Bojan updated NIFI-15002:
-------------------------
    Attachment:     (was: nifi-db-processors-patch-1.patch)

> Query construction issue for MSSQL connection
> ---------------------------------------------
>
>                 Key: NIFI-15002
>                 URL: https://issues.apache.org/jira/browse/NIFI-15002
>             Project: Apache NiFi
>          Issue Type: Bug
>    Affects Versions: 2.5.0
>            Reporter: Dmitry
>            Priority: Major
>         Attachments: Screenshot1.png, nifi-db-processors-patch.patch
>
>
> Hello NiFi Team,
> As far as I can see, in NiFi 2.5.0 option "Custom Query" in
> QueryDatabaseTable processor does not work properly at least for MSSQL
> Server 2019 when "Maximum-value Columns" is used.
> Here is an example using MSSQL server sample database AdventureWorks2019.
> The following query was used in "Custom Query":
> {code:sql}
> SELECT ModifiedDate 
> FROM [Production].[Product]
> {code}
> with field ModifiedDate as "Maximum-value Columns" property.
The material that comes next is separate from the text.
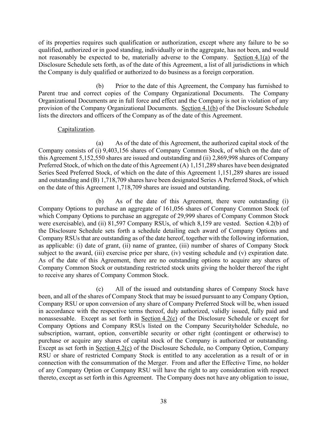 38 of its properties requires such qualification or authorization, except where any failure to be so qualified, authorized or in good standing, individually or in the aggregate, has not been, and would not reasonably be expected to be, materially adverse to the Company. Section 4.1(a) of the Disclosure Schedule sets forth, as of the date of this Agreement, a list of all jurisdictions in which the Company is duly qualified or authorized to do business as a foreign corporation. (b) Prior to the date of this Agreement, the Company has furnished to Parent true and correct copies of the Company Organizational Documents. The Company Organizational Documents are in full force and effect and the Company is not in violation of any provision of the Company Organizational Documents. Section 4.1(b) of the Disclosure Schedule lists the directors and officers of the Company as of the date of this Agreement. Capitalization. (a) As of the date of this Agreement, the authorized capital stock of the Company consists of (i) 9,403,156 shares of Company Common Stock, of which on the date of this Agreement 5,152,550 shares are issued and outstanding and (ii) 2,869,998 shares of Company Preferred Stock, of which on the date of this Agreement (A) 1,151,289 shares have been designated Series Seed Preferred Stock, of which on the date of this Agreement 1,151,289 shares are issued and outstanding and (B) 1,718,709 shares have been designated Series A Preferred Stock, of which on the date of this Agreement 1,718,709 shares are issued and outstanding. (b) As of the date of this Agreement, there were outstanding (i) Company Options to purchase an aggregate of 161,056 shares of Company Common Stock (of which Company Options to purchase an aggregate of 29,999 shares of Company Common Stock were exercisable), and (ii) 81,597 Company RSUs, of which 8,159 are vested. Section 4.2(b) of the Disclosure Schedule sets forth a schedule detailing each award of Company Options and Company RSUs that are outstanding as of the date hereof, together with the following information, as applicable: (i) date of grant, (ii) name of grantee, (iii) number of shares of Company Stock subject to the award, (iii) exercise price per share, (iv) vesting schedule and (v) expiration date. As of the date of this Agreement, there are no outstanding options to acquire any shares of Company Common Stock or outstanding restricted stock units giving the holder thereof the right to receive any shares of Company Common Stock. (c) All of the issued and outstanding shares of Company Stock have been, and all of the shares of Company Stock that may be issued pursuant to any Company Option, Company RSU or upon conversion of any share of Company Preferred Stock will be, when issued in accordance with the respective terms thereof, duly authorized, validly issued, fully paid and nonassessable. Except as set forth in Section 4.2(c) of the Disclosure Schedule or except for Company Options and Company RSUs listed on the Company Securityholder Schedule, no subscription, warrant, option, convertible security or other right (contingent or otherwise) to purchase or acquire any shares of capital stock of the Company is authorized or outstanding. Except as set forth in Section 4.2(c) of the Disclosure Schedule, no Company Option, Company RSU or share of restricted Company Stock is entitled to any acceleration as a result of or in connection with the consummation of the Merger. From and after the Effective Time, no holder of any Company Option or Company RSU will have the right to any consideration with respect thereto, except as set forth in this Agreement. The Company does not have any obligation to issue,
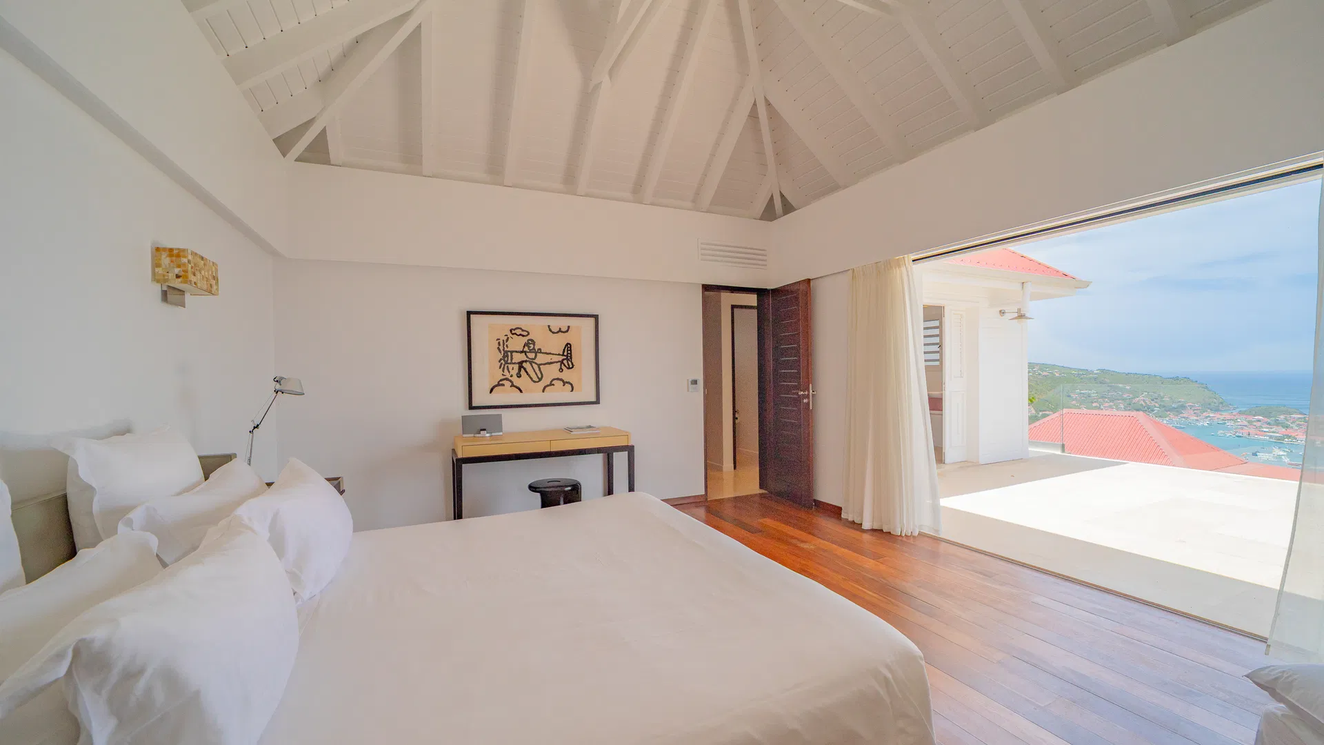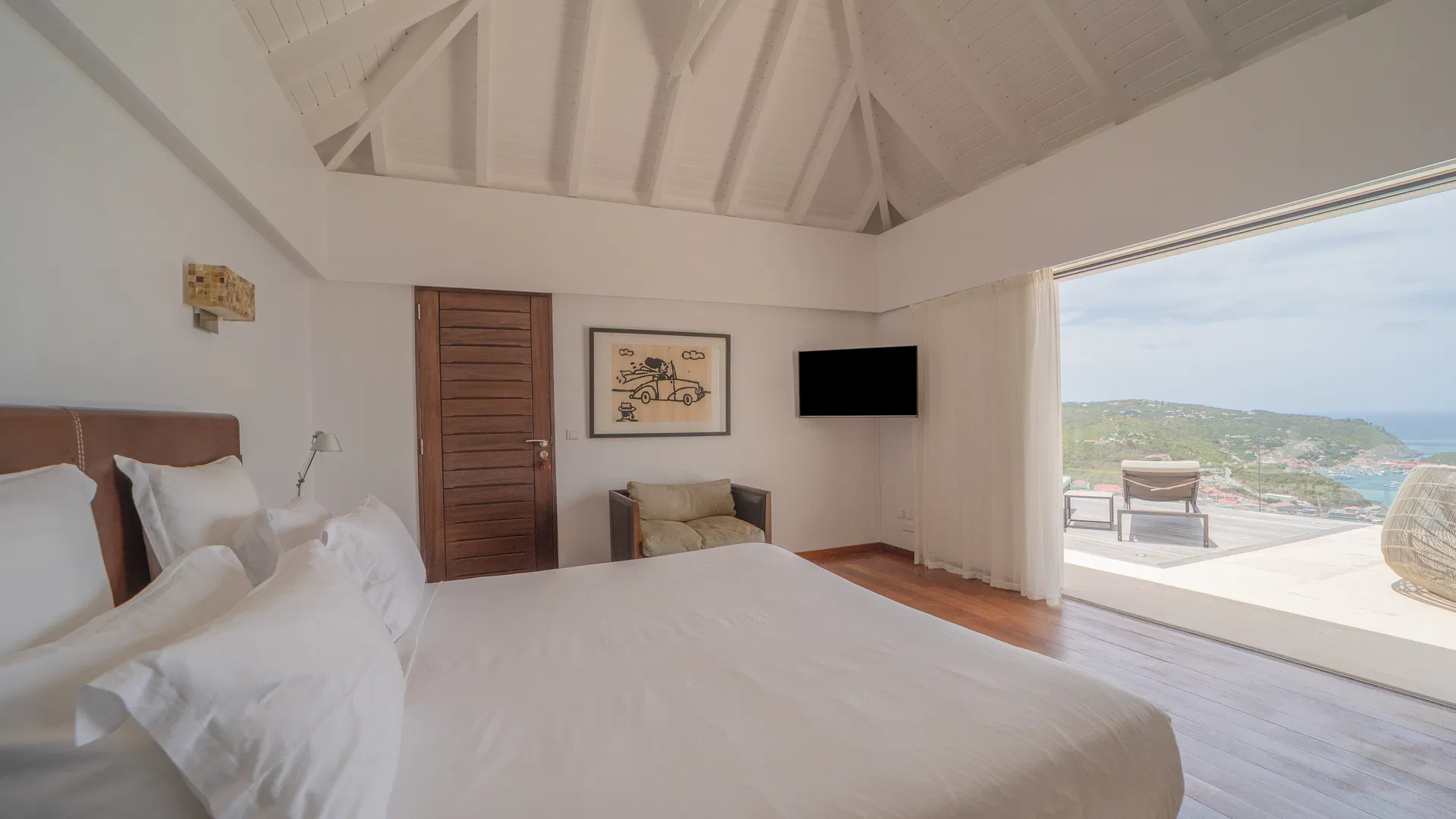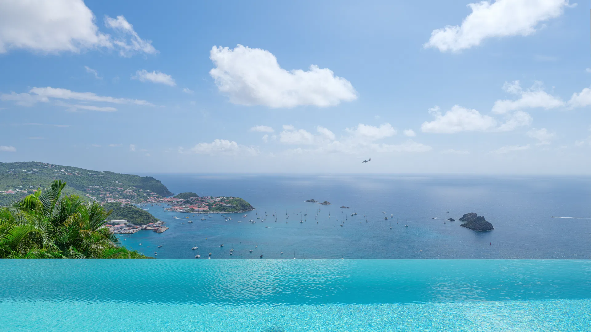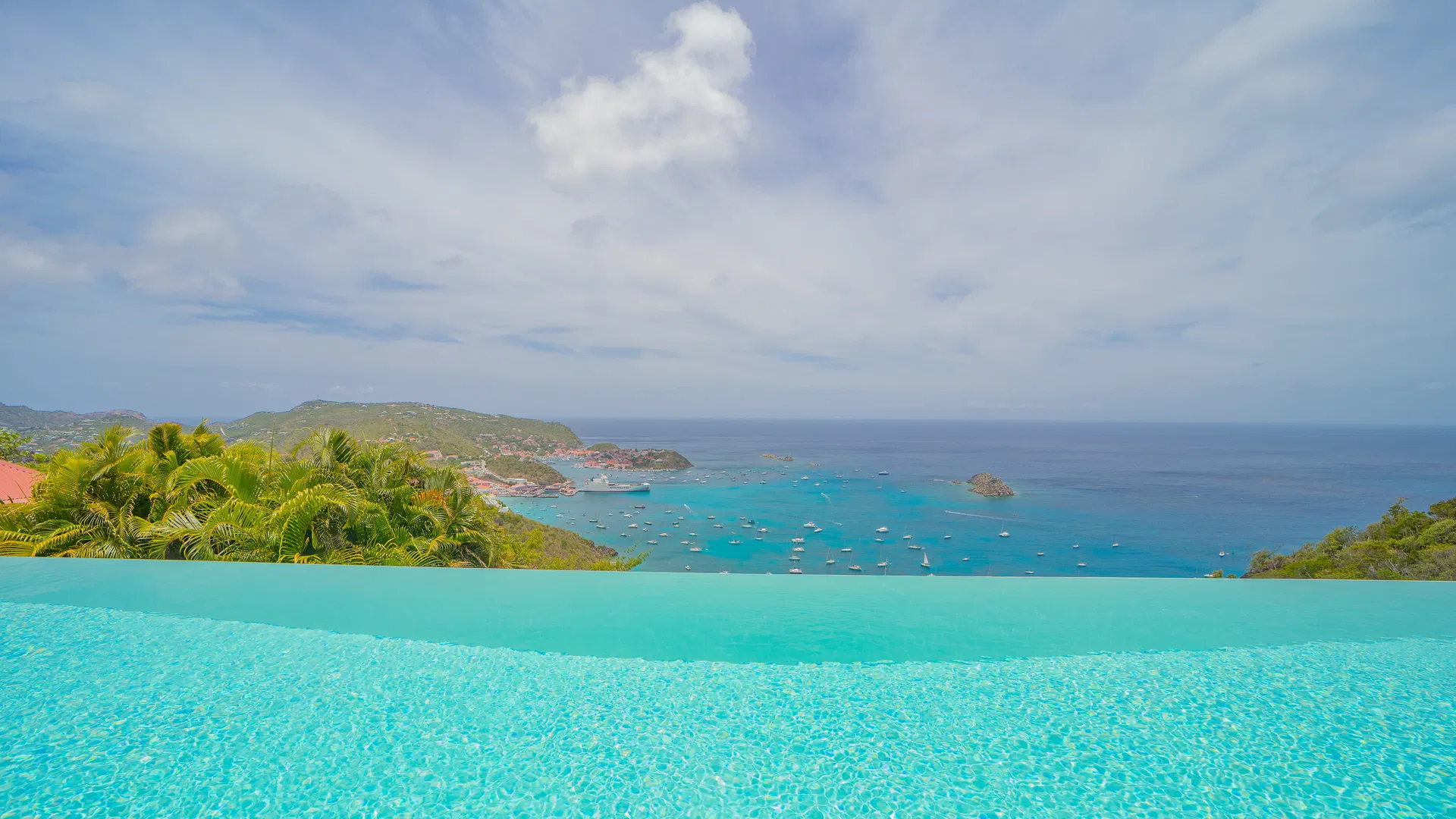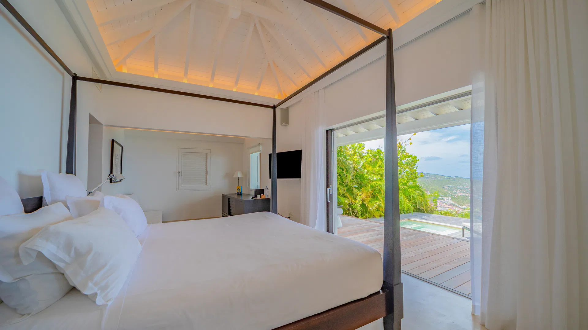 Elegance is felt, not declared, within. Designer leather and parchment pieces add a tactile richness that complements the island’s light, while earthy, natural colors ground the rooms. The living room opens completely to the terrace, where the infinity pool appears to spill into the ocean and the view stretches uninterrupted from the harbor to far-off silhouettes on the water. Evenings huddle around the fire-lit glow of sunset, when the sky turns copper and rose and the yachts become necklaces of light, while afternoons linger here as sails drift across Gustavia.

> !Screenshot1.png|width=605,height=499!
> In order to check queries on the server side, the following query was used:
> {code:sql}
> SELECT creation_time, last_execution_time, execution_count, text 
> FROM sys.dm_exec_query_stats AS deqs
> CROSS APPLY sys.dm_exec_sql_text(deqs.sql_handle) AS dest
> WHERE dest.text LIKE '%Production%'
> ORDER BY last_execution_time DESC;
> {code}
> After we ran QueryDatabaseTable first time, the output of server side queries 
> check is the following:
> {code:json}
> [ {
>   "creation_time" : "2025-09-23 13:17:18.367",
>   "last_execution_time" : "2025-09-23 13:17:18.373",
>   "execution_count" : 2,
>   "text" : "SELECT * FROM (SELECT ModifiedDate \nFROM [Production].[Product]) 
> AS Product"
> } ]
> {code}
> So, I assume on the server side query "SELECT * FROM (SELECT ModifiedDate 
> FROM [Production].[Product]) AS Product" runs twice one after another.
> When we run QueryDatabaseTable second time (now we have already state value 
> from previous query and no flowfile will be generated since no new data was 
> added), server side queries check gives the following output:
> {code:json}
> [ {
>   "creation_time" : "2025-09-23 13:21:01.573",
>   "last_execution_time" : "2025-09-23 13:21:01.583",
>   "execution_count" : 1,
>   "text" : "SELECT * FROM (SELECT ModifiedDate \nFROM [Production].[Product]) 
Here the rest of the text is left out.